High-resolution µCT imaging of the right femur and tibia was performed at a resolution of 10 µm per voxel using a Scanco µCT 40 (Scanco Medical, Bassersdorf, Switzerland) according to the guidelines of American Society for Bone and Mineral Research [51,52]. The specific region for cortical bone analysis included a 1-mm-thick section spanning the femur midshaft diaphysis. The cortical bone was delineated automatically with an image analysis algorithm provided by the manufacturer. Standard Scanco software (µCT Evaluation Program version 6.5, Scanco Medical, Bassersdorf, Switzerland) using the distance transformation model was implemented to evaluate cortical bone thickness (µm).

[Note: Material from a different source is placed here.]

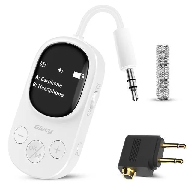 Two Headphones: Perfect for sharing audio with a companion, this Bluetooth adapter supports dual Bluetooth connections. You can connect two wireless headphones or AirPods simultaneously, making it ideal for travel, flights, or even gym sessions. The long battery life ensures uninterrupted use for over 20 hours. ^^ 3.5 mm

4.5. Fatty Acid Analysis and Total Tissue Lipid

Tissue lipid extracts by the Folch method and total tissue fatty acid profiling by gas chromatography were performed as described in detail recently using 50 µL of solvent per mg of tissue [40]. Concentration of individual fatty acids was calculated as % of total fatty acids. Total tissue lipid was calculated as mg total fatty acids per g wet weight tissue.

4.6. Statistics

One-way ANOVA or Student’s t-test were used for comparison of groups or genotypes. p < 0.05 was considered significant. Fatty acid profiles were corrected for multiple testing and significance adjusted accordingly.

5. Conclusions

Skeletal compartments significantly contribute to whole body clearance of glucose and fatty acids and display location-specific differences in fatty acid composition. Adipocyte lipoprotein lipase, which is a gatekeeper for the uptake of lipoprotein-derived fatty acids, profoundly affects the uptake and composition of marrow adipocytes in a location-specific manner in the skeleton.